Había escuchado a un Gryffindor, un Potter, un mago que probablemente crecería para ser un ícono de la luz hablando pársel.

Draco sabía que ese don usualmente era asociado al purista de sangre Salazar Slytherin y la gente que lo poseía nunca salía bien parada ante otros que no fueran de la casa de las serpientes. ¿Qué se supone que haría ahora? ¿Ir corriendo a la escuela y pregonarlo por todos lados para que la gente se pusiera en contra del hijo de los Potter? ¿Mantener silencio? ¿Chantaje? Existían tantas opciones pero consideró que lo mejor sería ponerse en contacto con su padre para preguntarle que podría hacer con la información. Quiso moverse para huir del lugar pero notó que Harry se había puesto a revisar los alrededores, sospechando que alguien lo miraba.

Malfoy se mantuvo en su sitio, esperando que el otro siguiera con la extraña platica que sostenía con la serpiente y se distrajera de nuevo. Pero lo que pasó después le hizo darle gracias a la suerte porque Harry se había puesto de pie para después irse.

Y debido a eso ahora Draco sentía la necesidad de observar a Harry. No entendía como un Potter había heredado la capacidad de hablar con las serpientes. Cuestiono si tal vez el don estaba en la familia y todos los miembros habían guardado silencio respecto a su habilidad para evitarse problemas.

El rubio salió de sus cavilaciones al ver que Harry se levantaba de la mesa, probablemente había decidido irse a su sala común. Con un movimiento de mano el chico se despidió de Ron y Hermione.

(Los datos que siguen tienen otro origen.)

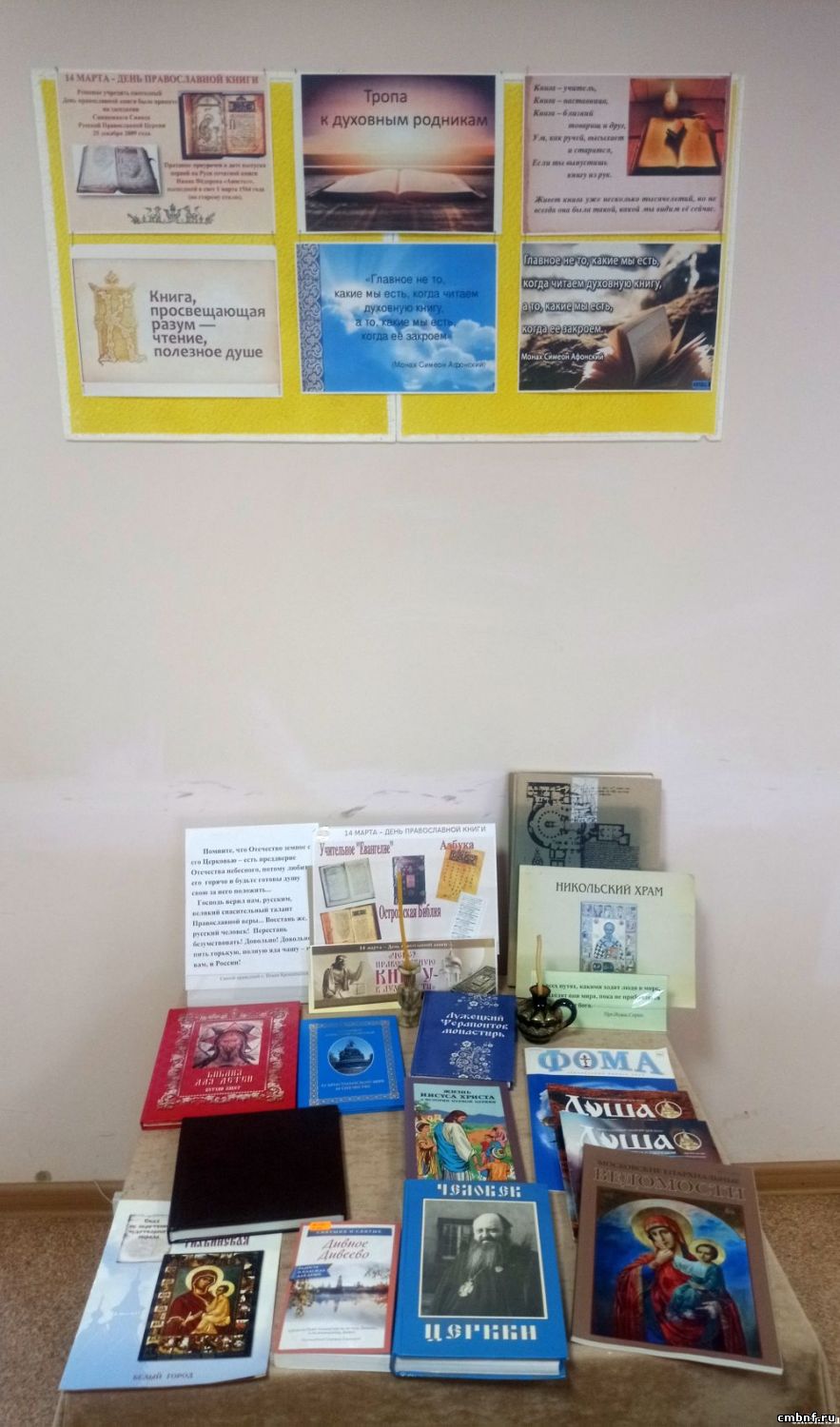 14 марта наша страна отмечает День православной книги. День православной книги – праздник совсем юный, но по значимости он велик. Этот праздник был установлен 25 декабря 2009 года решением Священного Синода русской православной Церкви по инициативе Патриарха Московского и всея Руси Кирилла. Православные книги – это особый вид литературы. И это не только жития святых и священное писание, но и личный духовный опыт священников, руководства по участию в церковных таинствах, пособия по воспитанию детей, художественные произведения. В рамках празднования Дня православной книги в библиотеке д. Шустиково развернута тематическая выставка «Тропа к духовным родникам» о христианских мотивах в литературе и живописи, о святынях православия, православных обрядах. Все желающие с 11 по 23 марта могут прийти и ознакомиться с выставкой.
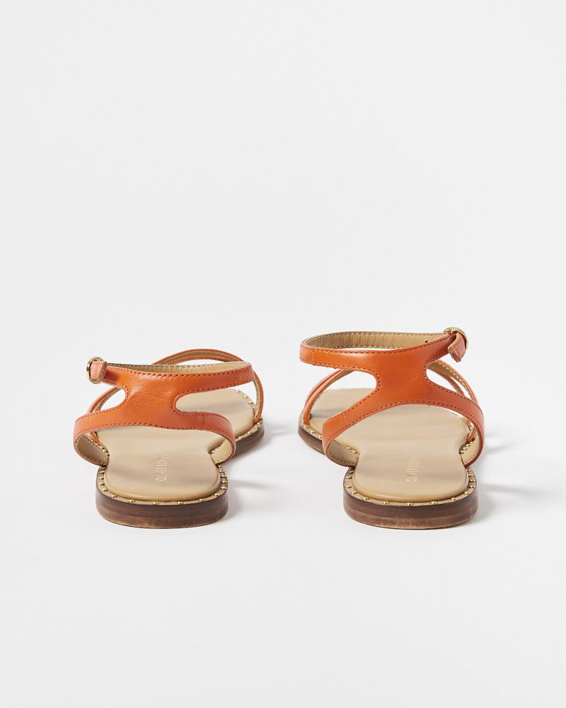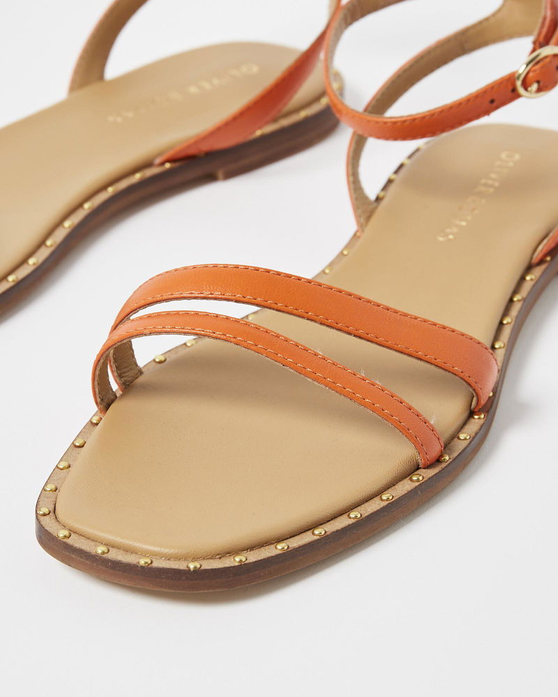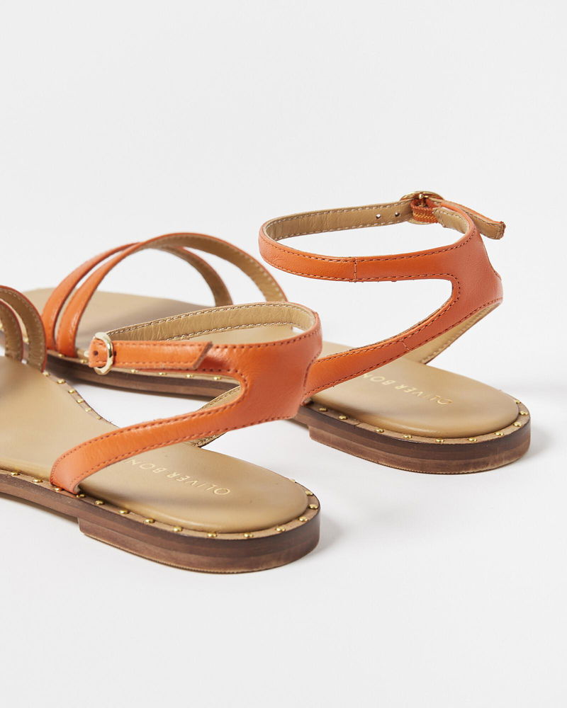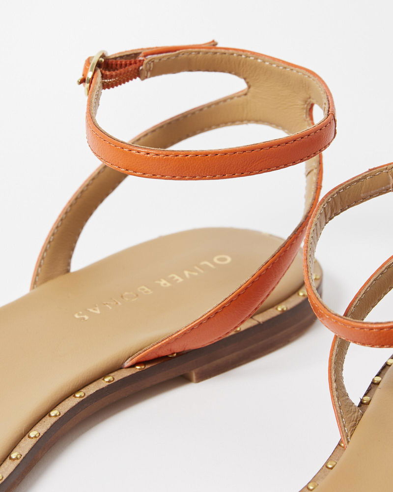 Golden stud details sit around the base, while an orange leather strap fastens around the ankle for a comfortable fit.

Entonces Draco supo que era su momento. Quería confrontar a Harry y preguntarle sobre lo ocurrido en el bosque antes de enviarle una carta a su padre. Se puso de pie, sin importarle que hubiera dejado su comida a medias y que sus compañeros le vieran con sorpresa. Malfoy salió del comedor para ir detrás de Potter. Cuando vio que no había nadie cerca comenzó a correr para alcanzarlo. Una vez que logró su cometido agarro a Harry del hombro.

—Potter —dijo.

Harry dio un saltito y volteó. Sonrió al ver a Malfoy, justo lo que necesitaba, alguien para molestar.

—Señor Malfoy, hace mucho que no se dignaba a hablarme. Comenzaba a sentirme solo sin usted. ¿Qué se le ofrece? —preguntó Harry.

—Quiero preguntarte algo —dijo Draco con una mueca—. Iré directo al grano. ¿Cómo es que hablas… cómo es que hablas pársel?

A Harry se le fui el aire. Tomó con fuerza los hombros de Draco, prácticamente enterró sus dedos en ellos.

—¿Cómo jodidos sabes sobre la situación? —interrogó Harry, su sonrisa había desaparecido y a cambio se podía ver la furia contenida.

Draco nunca lo admitiría pero se sintió intimidado, intento retroceder pero lo único que logró fue trastabillar y caer de espaldas, si le veía lo bueno al asunto es que los dedos del otro ya no estaban arraigados en su piel. Antes de que pudiera levantarse Harry se había subido encima de él, sentándose en su regazo para impedir su huída.

—Entonces, ¿cómo sabes, Draco?

Malfoy miró al otro y tragó saliva. Nunca hubiera creído posible que Potter fuera capaz mostrar tal seriedad y ganas de hacer daño.

—Te vi en el bosque… con la serpiente —respondió mientras evitaba mostrar el dolor que sentía por la caída y por el agarré de Harry había sostenido minutos atrás en él.

—Ya veo… circunstancias inesperadas han aparecido pero puedo lidiar con ellas. —De repente Harry ya no parecía tan peligroso. Su sonría había vuelto y miraba con dulzura a Draco.

El cual definitivamente no esperaba tal cambio de humor de Harry.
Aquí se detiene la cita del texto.